* **DATA SEGMENT**
Content starts
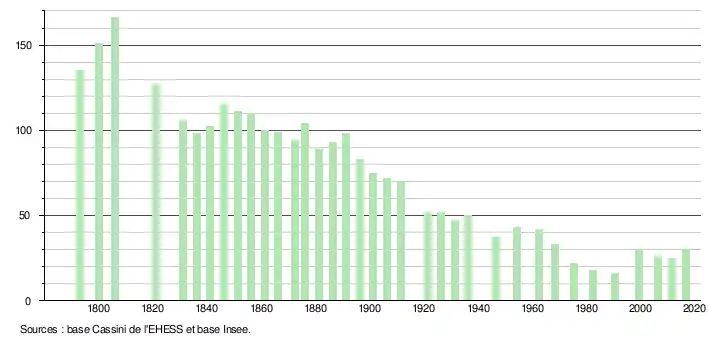 L'évolution du nombre d'habitants est connue à travers les recensements de la population effectués dans la commune depuis 1793. Pour les communes de moins de 10 000 habitants, une enquête de recensement portant sur toute la population est réalisée tous les cinq ans, les populations de référence des années intermédiaires étant quant à elles estimées par interpolation ou extrapolation[5]. Pour la commune, le premier recensement exhaustif entrant dans le cadre du nouveau dispositif a été réalisé en 2006[6].
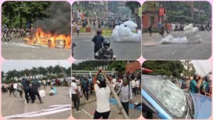 জাতীয় সংসদ ভবন এলাকায় গতকাল শুক্রবার ‘জুলাইযোদ্ধাদের’ সঙ্গে আইনশৃঙ্খলা রক্ষাকারী বাহিনীর দফায় দফায় সংঘর্ষ ও ধাওয়া-পাল্টা ধাওয়া হয়েছে। এ সময় মানিক মিয়া অ্যাভিনিউ, খামারবাড়ি ও আসাদগেট এলাকায় পুলিশের গাড়িসহ বেশ কিছু যানবাহন ভাঙচুর করা হয়। ‘জুলাইযোদ্ধাদের’ সঙ্গে আইনশৃঙ্খলা রক্ষাকারী বাহিনীর দফায় দফায় সংঘর্ষ ও ধাওয়া-পাল্টা ধাওয়া হয়েছে। এ সময় মানিক মিয়া অ্যাভিনিউ, খামারবাড়ি ও আসাদগেট এলাকায় পুলিশের গাড়িসহ বেশ কিছু যানবাহন ভাঙচুর করা হয়। পুলিশ ও র্যাবের দুটি অস্থায়ী নিয়ন্ত্রণ কক্ষে আগুন দেওয়া হয়েছে। পরিস্থিতি নিয়ন্ত্রণে পুলিশ লাঠিপেটা, টিয়ার গ্যাসের শেল ও সাউন্ড গ্রেনেড ছোড়ে। পুলিশকে লক্ষ্য করে বিক্ষোভকারীরা ইটপাটকেল ছোড়ে। গতকাল দুপুর দেড়টা থেকে আড়াইটা পর্যন্ত রণক্ষেত্র হয়ে ওঠে সংসদ ভবন এলাকা। উভয়পক্ষে অন্তত ৩০ জন আহত হয়েছেন। এদিকে পুলিশের হামলার প্রতিবাদসহ তিন দফা দাবিতে রোববার দুপুর ২টা থেকে ৫টা পর্যন্ত সব জেলায় মহাসড়কে অবরোধ কর্মসূচি পালনের ঘোষণা দিয়েছেন জুলাইযোদ্ধারা। সন্ধ্যায় সংসদ ভবন এলাকায় সংবাদ সম্মেলনে এ ঘোষণা দেন তারা।
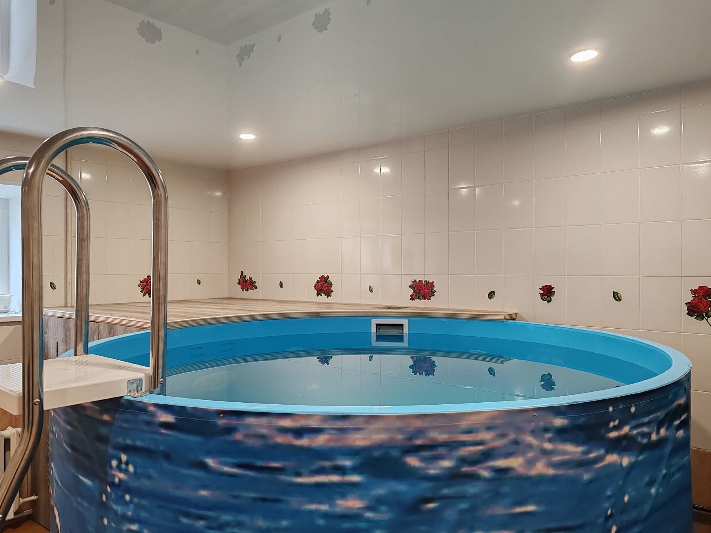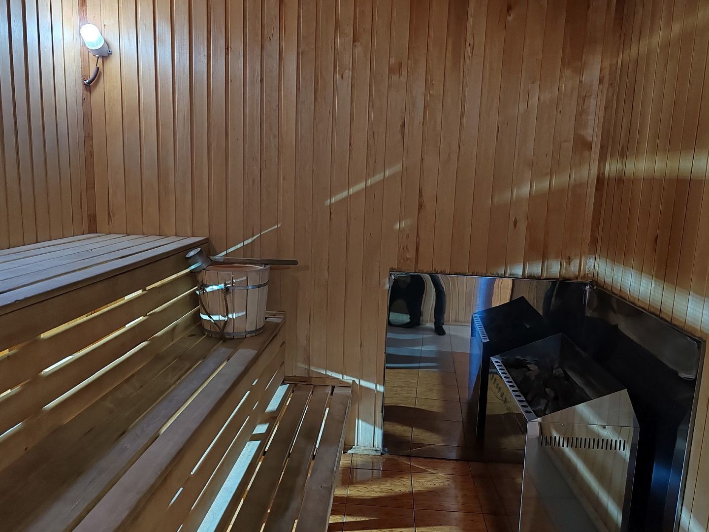 Внутри вас вас ждёт финская парная вместимостью до 8 человек, где можно устроить полезные банные процедуры, сделать скраб для тела и маски для кожи лица. После вы сможете принять прохладный душ или понежитесь в тёплом джакузи с гидромассажем.
Content ends
Without including any picture, reproduce the material above word for word.

 L'évolution du nombre d'habitants est connue à travers les recensements de la population effectués dans la commune depuis 1793. Pour les communes de moins de 10 000 habitants, une enquête de recensement portant sur toute la population est réalisée tous les cinq ans, les populations de référence des années intermédiaires étant quant à elles estimées par interpolation ou extrapolation[5]. Pour la commune, le premier recensement exhaustif entrant dans le cadre du nouveau dispositif a été réalisé en 2006[6].
 জাতীয় সংসদ ভবন এলাকায় গতকাল শুক্রবার ‘জুলাইযোদ্ধাদের’ সঙ্গে আইনশৃঙ্খলা রক্ষাকারী বাহিনীর দফায় দফায় সংঘর্ষ ও ধাওয়া-পাল্টা ধাওয়া হয়েছে। এ সময় মানিক মিয়া অ্যাভিনিউ, খামারবাড়ি ও আসাদগেট এলাকায় পুলিশের গাড়িসহ বেশ কিছু যানবাহন ভাঙচুর করা হয়। ‘জুলাইযোদ্ধাদের’ সঙ্গে আইনশৃঙ্খলা রক্ষাকারী বাহিনীর দফায় দফায় সংঘর্ষ ও ধাওয়া-পাল্টা ধাওয়া হয়েছে। এ সময় মানিক মিয়া অ্যাভিনিউ, খামারবাড়ি ও আসাদগেট এলাকায় পুলিশের গাড়িসহ বেশ কিছু যানবাহন ভাঙচুর করা হয়। পুলিশ ও র্যাবের দুটি অস্থায়ী নিয়ন্ত্রণ কক্ষে আগুন দেওয়া হয়েছে। পরিস্থিতি নিয়ন্ত্রণে পুলিশ লাঠিপেটা, টিয়ার গ্যাসের শেল ও সাউন্ড গ্রেনেড ছোড়ে। পুলিশকে লক্ষ্য করে বিক্ষোভকারীরা ইটপাটকেল ছোড়ে। গতকাল দুপুর দেড়টা থেকে আড়াইটা পর্যন্ত রণক্ষেত্র হয়ে ওঠে সংসদ ভবন এলাকা। উভয়পক্ষে অন্তত ৩০ জন আহত হয়েছেন। এদিকে পুলিশের হামলার প্রতিবাদসহ তিন দফা দাবিতে রোববার দুপুর ২টা থেকে ৫টা পর্যন্ত সব জেলায় মহাসড়কে অবরোধ কর্মসূচি পালনের ঘোষণা দিয়েছেন জুলাইযোদ্ধারা। সন্ধ্যায় সংসদ ভবন এলাকায় সংবাদ সম্মেলনে এ ঘোষণা দেন তারা।
 Внутри вас вас ждёт финская парная вместимостью до 8 человек, где можно устроить полезные банные процедуры, сделать скраб для тела и маски для кожи лица. После вы сможете принять прохладный душ или понежитесь в тёплом джакузи с гидромассажем.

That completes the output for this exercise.